Dual Currency Returns

  1. By buying Dual Currency Returns, you are giving us the right to repay you at a future date in a different currency from the currency in which you made your original investment, even if you would prefer not to be paid in this currency at that time. Dual Currency Returns are affected by foreign exchange rates, which may affect how much you get back from your investment. You may receive less than you originally invested.
  2. Foreign exchange control restrictions may apply to the foreign currencies linked to your Dual Currency Returns. As a result, we may repay your investment and interest in a different currency. You may receive less than you originally invested when the amount of this different currency is converted back to the base currency (the currency you originally invested). You may be able to get information on foreign exchange control restrictions, if any, for each foreign currency offered in relation to Dual Currency Returns, from the relevant monetary, regulatory or other governmental authorities for that currency.
  3. We will not end Dual Currency Returns before the maturity date (the date they are due to end). You may, however, withdraw the amount you originally invested before the maturity date. If you do this, please remember that you will have to pay any charges that apply which are calculated based on the amount of the time remaining before maturity date, as well as current market conditions relating to strike prices, foreign exchange rates and changes in the underlying foreign exchange pair. These charges may mean that you get back much less than you originally invested. Please feel free to approach your relationship manager for details of the procedures and charges that apply if you withdraw your Dual Currency Returns investment before the maturity date.
  4. Dual Currency Returns are not insured deposits for the purposes of the Deposit Insurance and Policy Owners’ Protection Schemes Act of Singapore.

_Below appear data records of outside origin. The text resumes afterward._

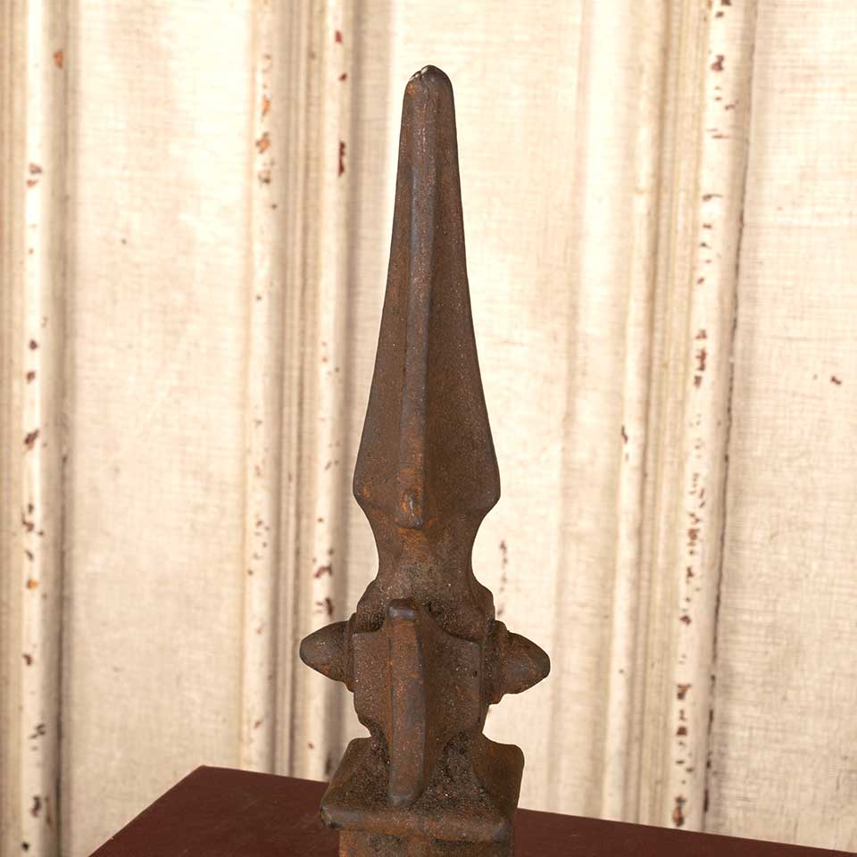 Architectural salvage antique cast iron fence finial ornament measuring approx. 2 3/4" x 2 1/2" x 8 1/2" tall. Color and condition may vary, see photos to evaluate. Priced at $45/each.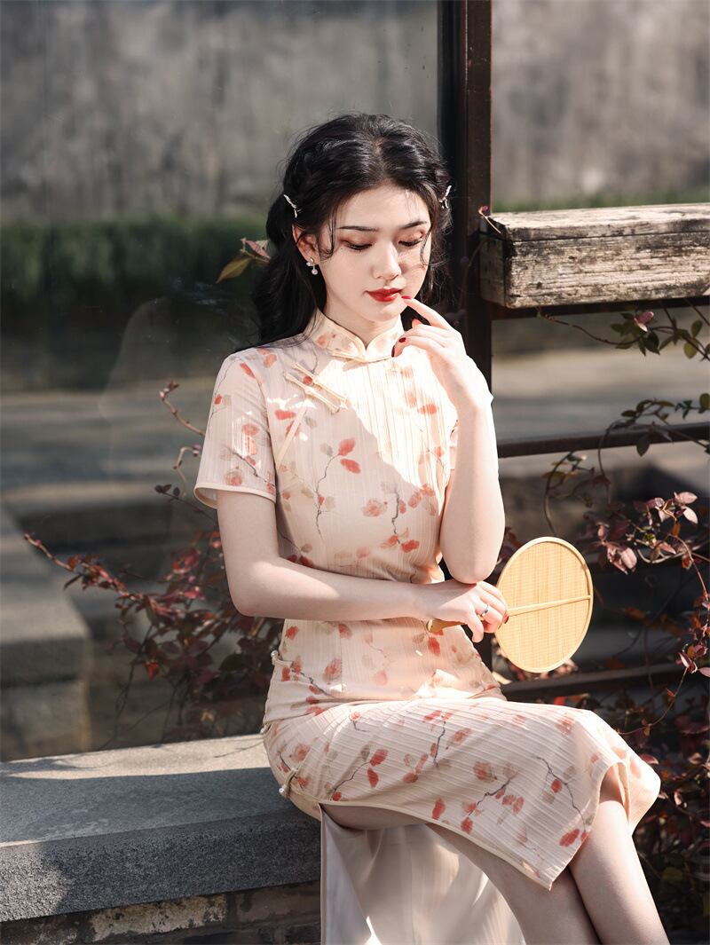 ピンク チャイナドレス 半袖 チャイナ風服 改良型チャイナドレス かわいい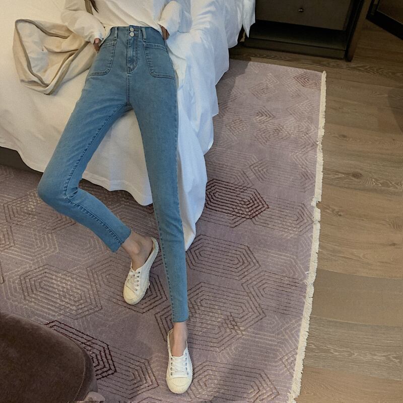 ウェストスキニージーンズ オータム薄手ストレッチパンツ ハイウェスト エラスティック 伸縮 秋物 ヨーロピアン ブラックストロベリース16599758822

Collective Investment Schemes

  1. A copy of the prospectus of each fund is available and may be obtained from the fund manager or any of its approved distributors. Potential investors should read the prospectus for details on the relevant fund before deciding whether to subscribe for, or purchase units in the fund.
  2. The value of the units in the funds and the income accruing to the units, if any, may fall or rise. Please refer to the prospectus of the relevant fund for the name of the fund manager and the investment objectives of the fund.
  3. Investment involves risks. Past performance figures do not reflect future performance.
  4. Any reference to a company, financial product or asset class is used for illustrative purposes and does not represent our recommendation in any way.

For funds that are listed on an approved exchange, investors cannot redeem their units of those funds with the manager, or may only redeem units with the manager under certain specified conditions. The listing of the units of those funds on any approved exchange does not guarantee a liquid market for the units.

Any indicative distribution rate may not be achieved and is not an indication, forecast, or projection of the future performance of the Fund.